::: Given data :::
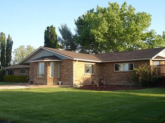 Large brick rancher with new windows, facia & soffit. Detached 3 car garage, lots of established trees. Spectacular views and privacy. 12x24 finished shop (insulated & wired). 16x12 covered screened patio. 4.2 shares of class 1 water and 7.8 shared of class 6.
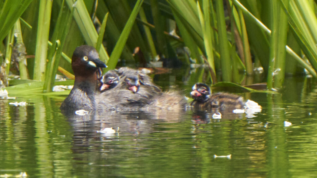 2024年春、初めてヒナを見掛けました。菖蒲池でヒナが孵ったのはこれが初めての様です。
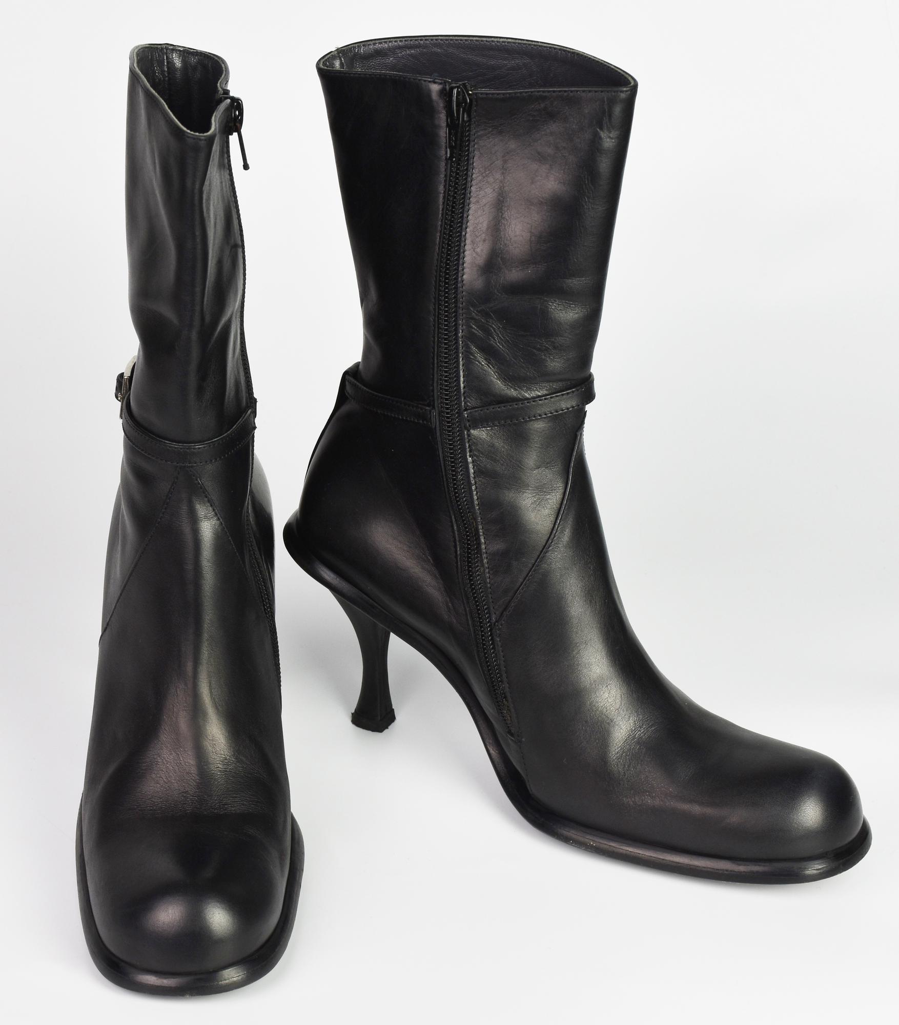 Stivali neri in pelle di vitello con cerniera laterale. Interni in pelle. Tacco 9 cm. Con scatola originale. Taglia 37.5 IT. Prodotti in Italia. Perfettamente conservati.
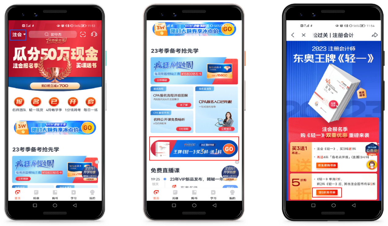 ② 點(diǎn)擊注會(huì)圖書進(jìn)入注會(huì)圖書界面,點(diǎn)擊“領(lǐng)5折購書卷”。
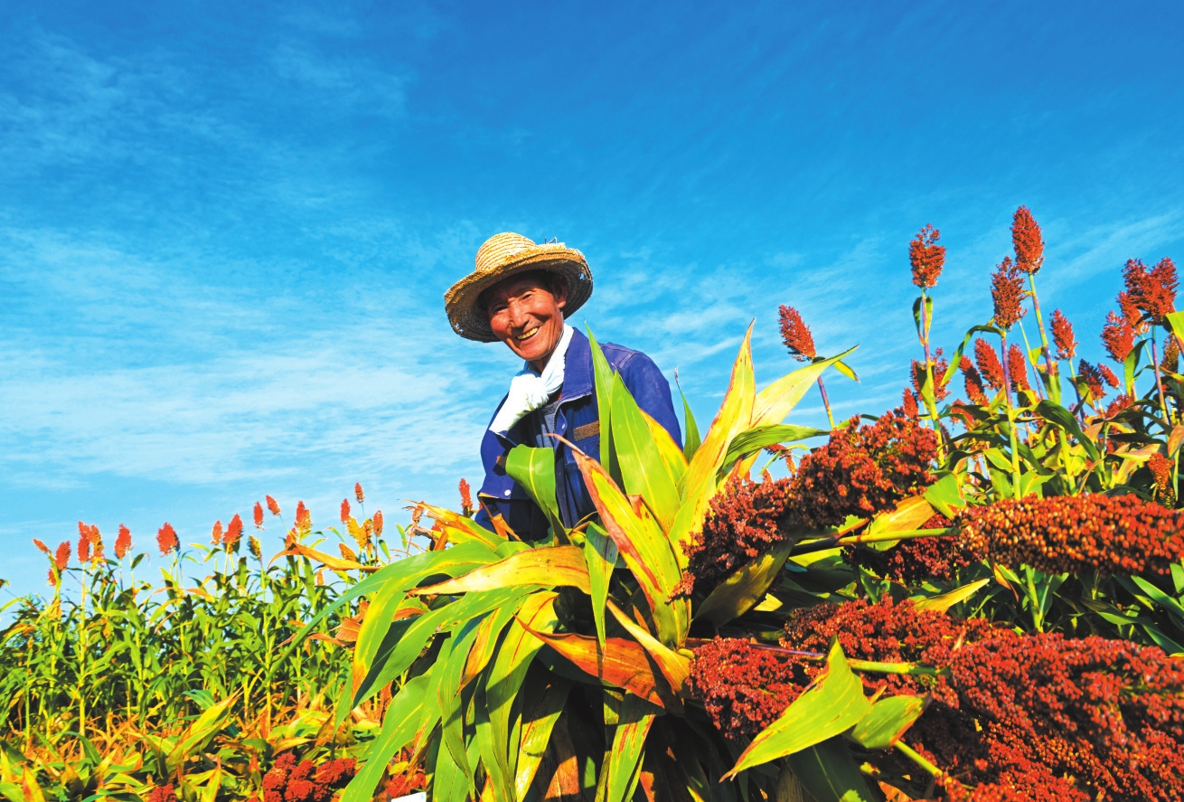 定襄縣蔣村鎮(zhèn)史家崗村的高粱開鐮收割。張晉蘭攝
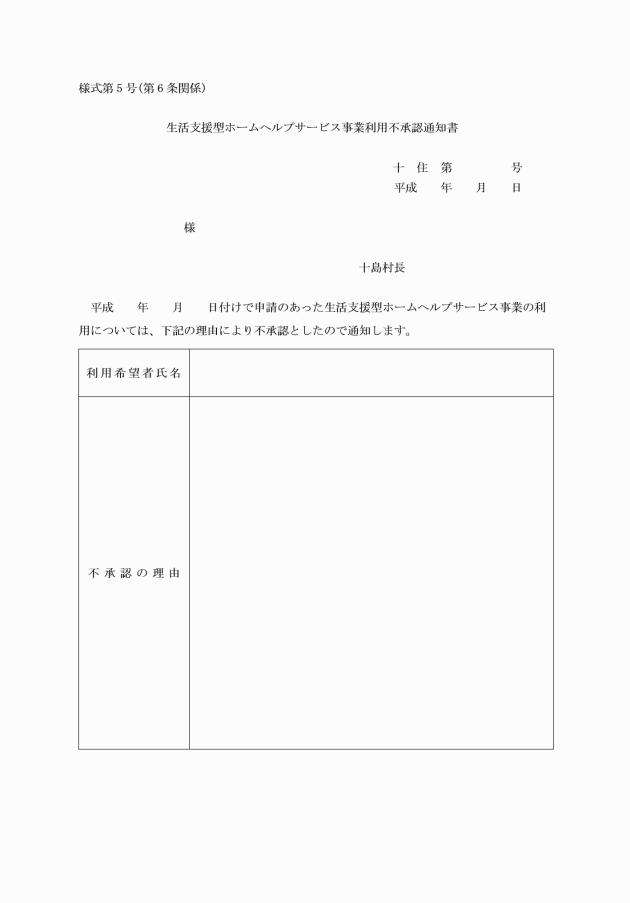 第5条 この事業を利用しようとする者(以下「申請者」という。)は、生活支援型ホームヘルプサービス事業利用申請書(様式第1号)を村長に申請するものとする。
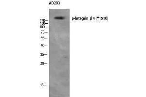 - Phospho-Integrin β4 (Y1510) Polyclonal Antibody detects endogenous levels of Integrin β4 protein only when phosphorylated at Y1510.
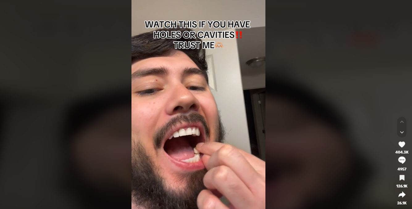 TikTok上一位“@artificialaicreations”博主在5月31日时发布了一段视频,向网友展示牙齿在咀嚼白色“小药片”之后变得亮白。 视频中,博主向网友展示自己未咀嚼前牙齿的颜色和蛀牙虫洞,然后拿出这个白色“小药片”塞到蛀牙的地方并咀嚼成粉末,随后展示自己洁白的牙齿和使用两个多星期的真实感受。
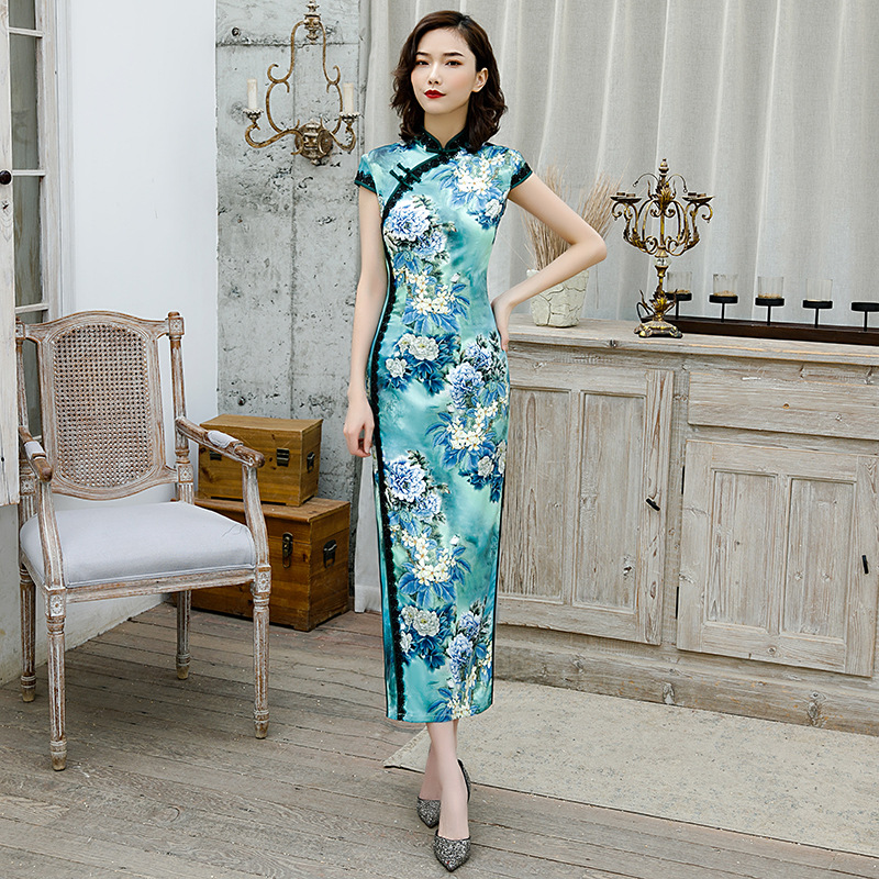 318古聖嬌旗袍ロング丈春夏改良版新式宴会普段着ママ服ワンピース女性改良版旗袍
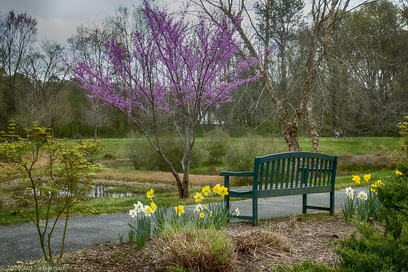 Galloway Ridge has a great detention pond basin surrounded by a paved walking trail and benches. Here is an early Spring view of the area around this basin with plants in bloom.
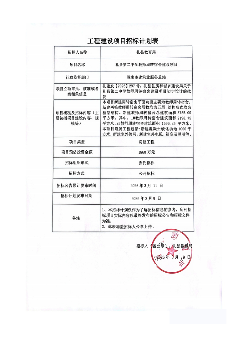 礼县第二中学教师周转宿舍建设项目
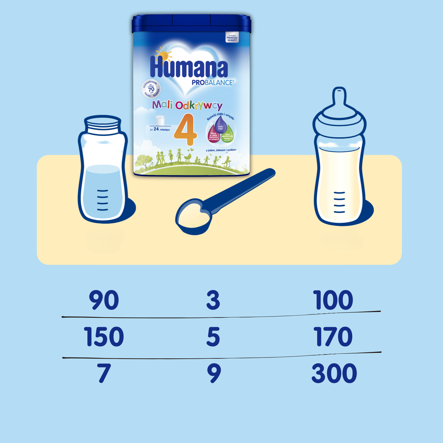 - 270 ml wody – 9 miarek – ok. 300 ml mleka
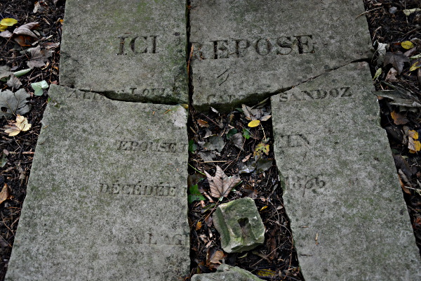 Je suis donc remonté au cimetière. Cette fois je ne me suis pas contenté d’un balai pour enlever les feuilles mortes, j’ai pris une serpillière pour nettoyer la pierre de la tombe n°7 difficile à lire. Cela donne le texte que j’ai essayé de décrypter. Pour avoir le texte complet, il faudrait soulever la partie de pierre supérieure qui est cassée et qui est recouvre en partie le bas de la pierre. Son poids nécessite du matériel approprié.
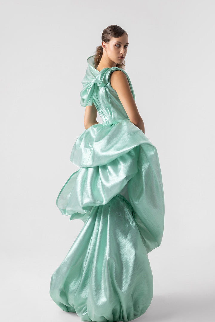 Aqua lamé organza draperies dress. Featuring a high slit, intricate draperies swirl around the gown. Complemented with capturing the essence of movement and the fluidity of water.
:::
Required action
Print, exactly and only, the lines running from the line with "礼县第二中学教师周转宿舍建设项目" through the last line of the data, including both. Skip any picture.

Solution to this exercise
 礼县第二中学教师周转宿舍建设项目
 - 270 ml wody – 9 miarek – ok. 300 ml mleka
 Je suis donc remonté au cimetière. Cette fois je ne me suis pas contenté d’un balai pour enlever les feuilles mortes, j’ai pris une serpillière pour nettoyer la pierre de la tombe n°7 difficile à lire. Cela donne le texte que j’ai essayé de décrypter. Pour avoir le texte complet, il faudrait soulever la partie de pierre supérieure qui est cassée et qui est recouvre en partie le bas de la pierre. Son poids nécessite du matériel approprié.
 Aqua lamé organza draperies dress. Featuring a high slit, intricate draperies swirl around the gown. Complemented with capturing the essence of movement and the fluidity of water.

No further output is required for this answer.